Military Ground Force Structural and Chain of Command Reform
The American military was meant to be used only to protect the United States from external foreign aggression, not to be a back-up force for federal, state, or local law enforcement in actions aimed at domestic political protesters. Accordingly, with the exception of the XVIII Airborne Corps (which is needed for quick-reaction operations to protect American interests and allies overseas), all other existing Regular Army and Air Force combat units should be transferred to the control of the National Guard in the states where they are currently deployed.
Such a restructuring would still allow future presidents to call up Army and Air Force units in the event of Congressional authorization for the use of military force or an actual declaration of war. This would otherwise ensure that the lethal combat power of the Army and Air Force remain under decentralized state control of their respective governors. The relatively small size and foreign operations focused posture of the U.S. Marine Corps make it less of a potentially useful tool of repression in the hands of an out-of-control president.
Abolish the Department of Homeland Security
A sprawling entity created by Congress without intelligent or considered debate in the period after the 9/11 attacks, the Department of Homeland Security should be dismantled and its constituent law enforcement placed under the control of the federal judiciary under the day-to-day control of the attorney general. This approach would not only further restrict a potential authoritarian president’s pool of armed agents to potentially go after political opponents, but it would also create a more rational allocation of national law enforcement personnel and assets.
Every proposal I’ve suggested would require only legislative action by Congress, not any constitutional amendments.

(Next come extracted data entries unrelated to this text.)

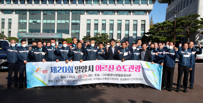 모범운전자회는 어르신들의 기분전환과 외로움을 달래고 사랑과 정이 넘치는 아름다운 밀양을 만들기 위해 2003년 전국 모범운전자회 최초로 효도관광을 시작해 올해 20년째 행사를 이어오고 있다.
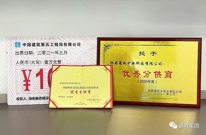 瀏覽次數:1498喜訊連連捷報傳。近日,在中建五局總承包公司2021年分包(供)商答謝會暨優秀分包(供)商表彰會上,集團下屬子公司湖南鑫政鋁業科技有限公司與湖南鑫政建設有限公司分別喜獲2020年度“優秀分供商”與“良好分包商”獎項。
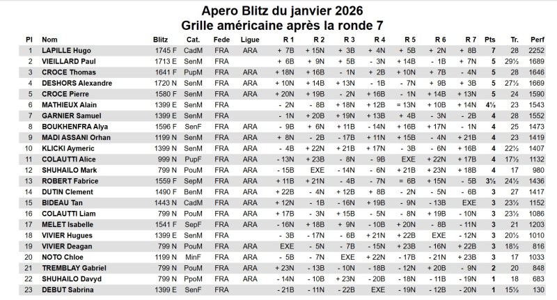 Prochain tournoi de blitz ouvert à tous même aux passants le vendredi 9 janvier 2026 à partir de 20h au 131 boulevard du Président Wilson dans le quartier de la Gare d’Aix-les-Bains.
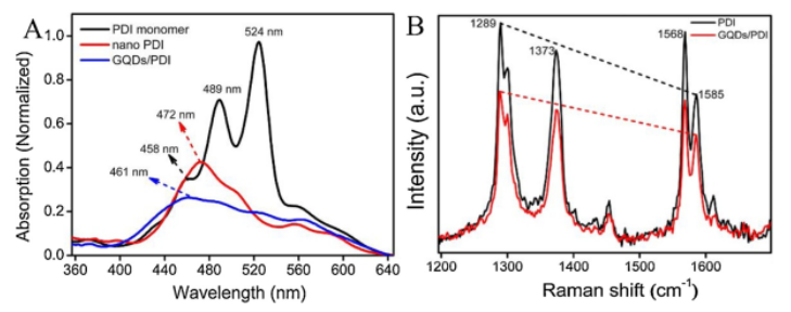 Figure 3. (A) PDI單體在DMF溶液,納米PDI和GQDs/PDI懸浮液在水中(pH=2)的紫外-可見吸收光譜,(B)PDI和GQDs/PDI-14%的拉曼光譜。
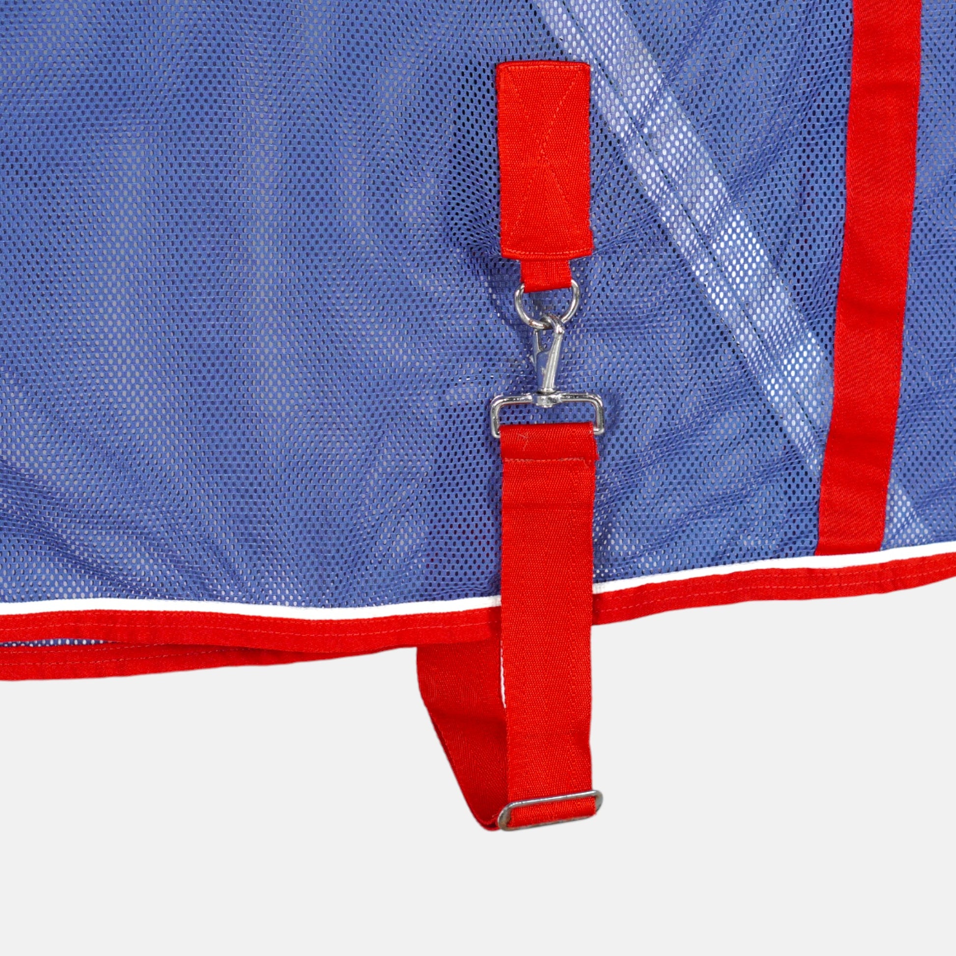 Blått nättäcke / svettäcke med teddy vid manken och avtagbar maggjord från Showmaster.

More broadly in the political sense, the proposals recognize that preventing the destruction of the Republic in the MAGA or post-MAGA/New Right era is about using the legislative process and the law to restore actual checks on executive power by eliminating the domestic concentration of that power in the executive branch.
Would all of this be controversial, especially among MAGA or MAGA-adjacent members of Congress? Almost certainly … but that’s no reason not to take whatever action possible to prevent amother Jan. 6 political nightmare and its aftermath. Whether Harris will embrace this kind of approach if elected is something only time will tell. But it is troubling that she or her party thus far are not showing any signs that they are seriously thinking of steps to avoid a repeat.